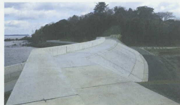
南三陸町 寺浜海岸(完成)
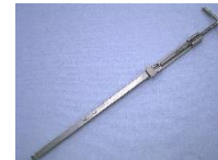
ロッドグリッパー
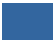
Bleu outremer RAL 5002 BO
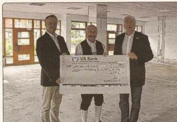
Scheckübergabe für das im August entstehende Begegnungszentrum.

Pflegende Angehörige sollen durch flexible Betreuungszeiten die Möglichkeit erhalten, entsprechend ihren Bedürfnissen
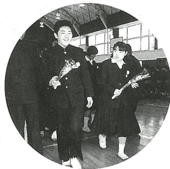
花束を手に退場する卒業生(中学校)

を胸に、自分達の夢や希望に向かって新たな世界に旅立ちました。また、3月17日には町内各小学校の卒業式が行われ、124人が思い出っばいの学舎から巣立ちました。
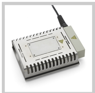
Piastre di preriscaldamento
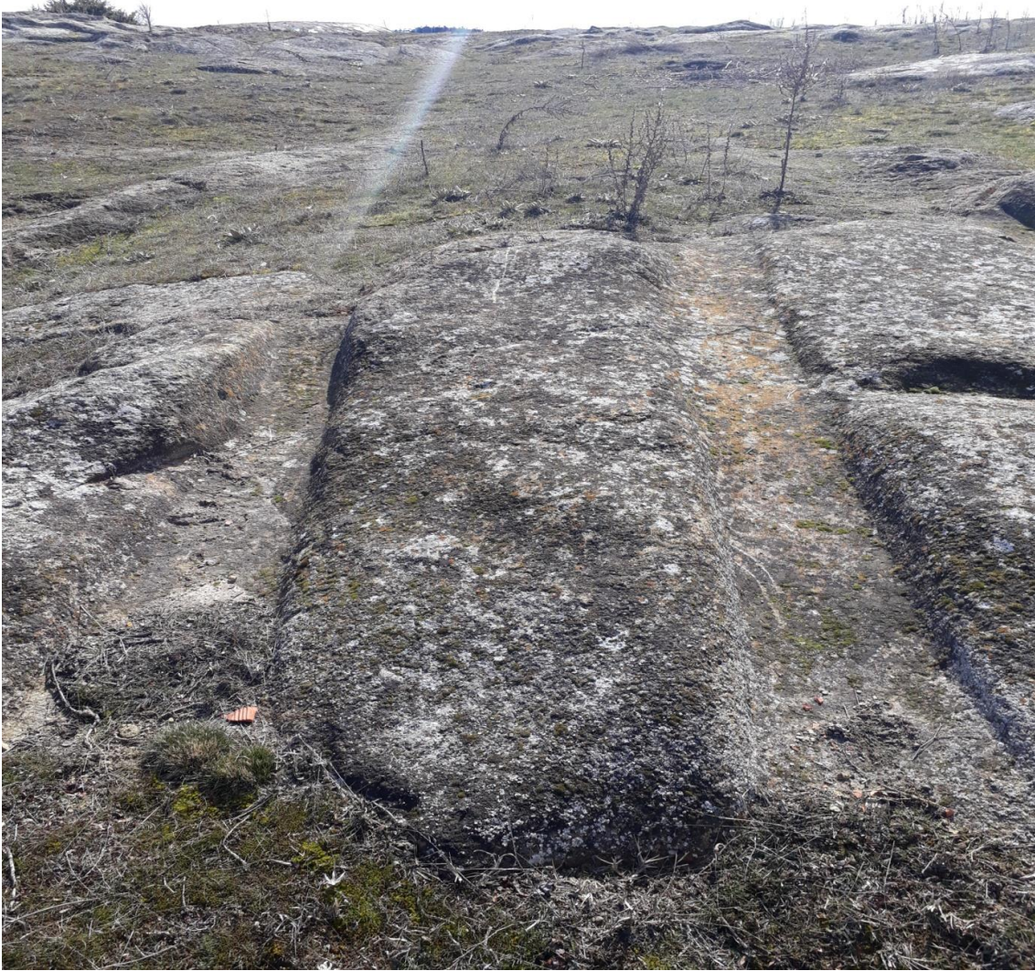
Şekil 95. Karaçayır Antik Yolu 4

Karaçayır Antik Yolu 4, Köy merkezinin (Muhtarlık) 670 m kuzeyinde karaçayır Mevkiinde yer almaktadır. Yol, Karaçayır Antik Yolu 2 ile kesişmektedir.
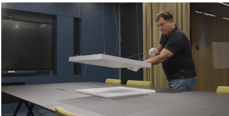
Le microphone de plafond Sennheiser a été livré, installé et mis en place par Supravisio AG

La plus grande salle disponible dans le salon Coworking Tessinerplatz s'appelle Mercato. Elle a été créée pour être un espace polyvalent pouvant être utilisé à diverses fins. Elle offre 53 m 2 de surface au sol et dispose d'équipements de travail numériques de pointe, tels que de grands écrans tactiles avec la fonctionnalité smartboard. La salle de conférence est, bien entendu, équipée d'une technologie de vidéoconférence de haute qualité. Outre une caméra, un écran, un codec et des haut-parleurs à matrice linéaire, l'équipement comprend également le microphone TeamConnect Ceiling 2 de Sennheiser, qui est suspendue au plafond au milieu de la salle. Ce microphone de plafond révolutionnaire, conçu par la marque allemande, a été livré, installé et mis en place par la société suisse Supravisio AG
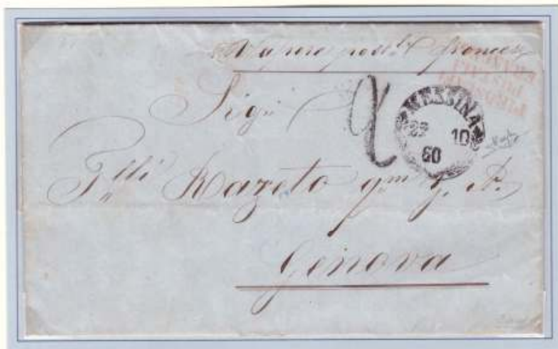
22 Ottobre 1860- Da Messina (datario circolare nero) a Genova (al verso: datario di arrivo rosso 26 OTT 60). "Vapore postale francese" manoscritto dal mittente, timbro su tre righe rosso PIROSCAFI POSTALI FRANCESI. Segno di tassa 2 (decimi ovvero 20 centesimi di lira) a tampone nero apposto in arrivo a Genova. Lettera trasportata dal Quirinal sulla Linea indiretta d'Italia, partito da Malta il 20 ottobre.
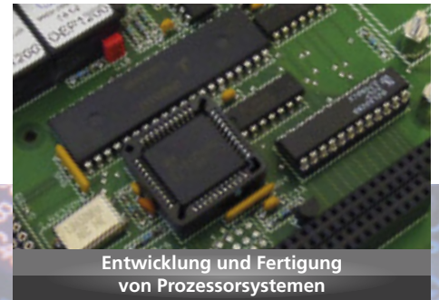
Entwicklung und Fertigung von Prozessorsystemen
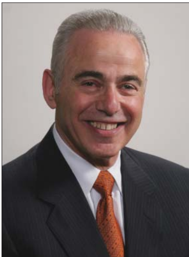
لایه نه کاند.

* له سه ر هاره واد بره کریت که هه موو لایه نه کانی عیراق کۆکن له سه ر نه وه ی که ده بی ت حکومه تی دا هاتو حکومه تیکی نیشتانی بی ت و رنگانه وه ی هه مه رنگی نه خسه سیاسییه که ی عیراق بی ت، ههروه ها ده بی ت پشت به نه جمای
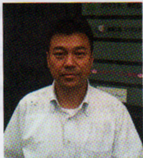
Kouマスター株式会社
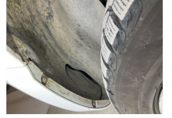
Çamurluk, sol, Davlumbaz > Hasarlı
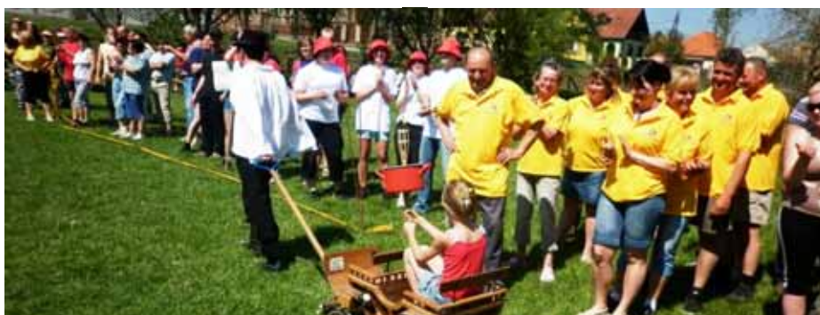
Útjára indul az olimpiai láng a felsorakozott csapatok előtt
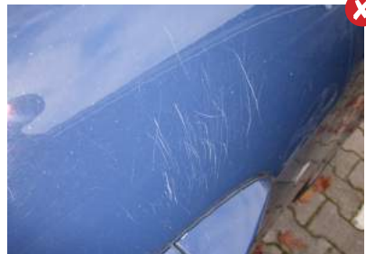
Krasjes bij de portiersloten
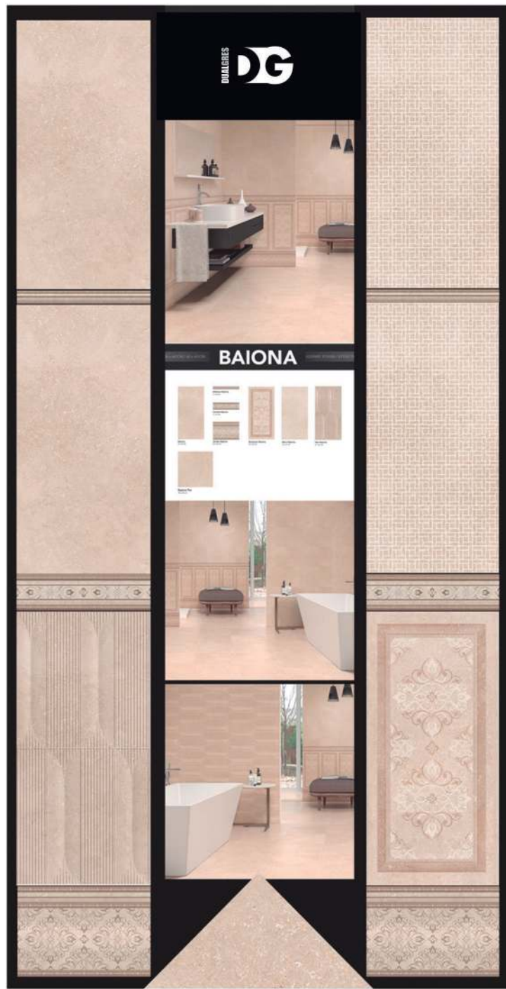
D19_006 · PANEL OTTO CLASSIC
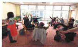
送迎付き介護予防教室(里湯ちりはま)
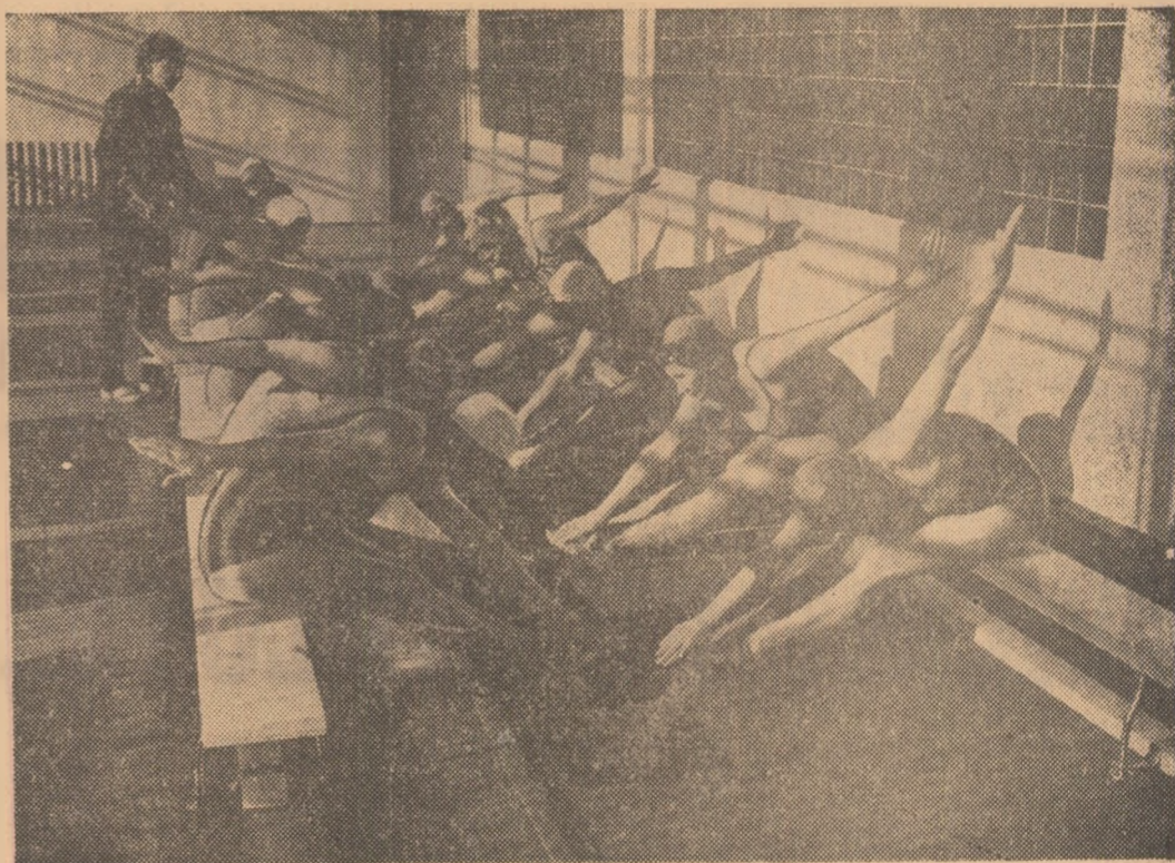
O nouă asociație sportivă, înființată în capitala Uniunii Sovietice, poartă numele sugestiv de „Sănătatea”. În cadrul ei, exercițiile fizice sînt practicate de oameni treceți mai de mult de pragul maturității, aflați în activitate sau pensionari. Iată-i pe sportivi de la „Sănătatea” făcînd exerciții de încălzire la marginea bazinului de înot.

· · · · ·

### TASK TO CARRY OUT
Restate word for word only the lines from where the entries begin through the one with "Şekil 95. Karaçayır Antik Yolu 4"; omit the pictures.

### RESPONSE BELOW
南三陸町 寺浜海岸(完成)
ロッドグリッパー
Bleu outremer RAL 5002 BO
Scheckübergabe für das im August entstehende Begegnungszentrum.

Pflegende Angehörige sollen durch flexible Betreuungszeiten die Möglichkeit erhalten, entsprechend ihren Bedürfnissen
花束を手に退場する卒業生(中学校)

を胸に、自分達の夢や希望に向かって新たな世界に旅立ちました。また、3月17日には町内各小学校の卒業式が行われ、124人が思い出っばいの学舎から巣立ちました。
Piastre di preriscaldamento
Şekil 95. Karaçayır Antik Yolu 4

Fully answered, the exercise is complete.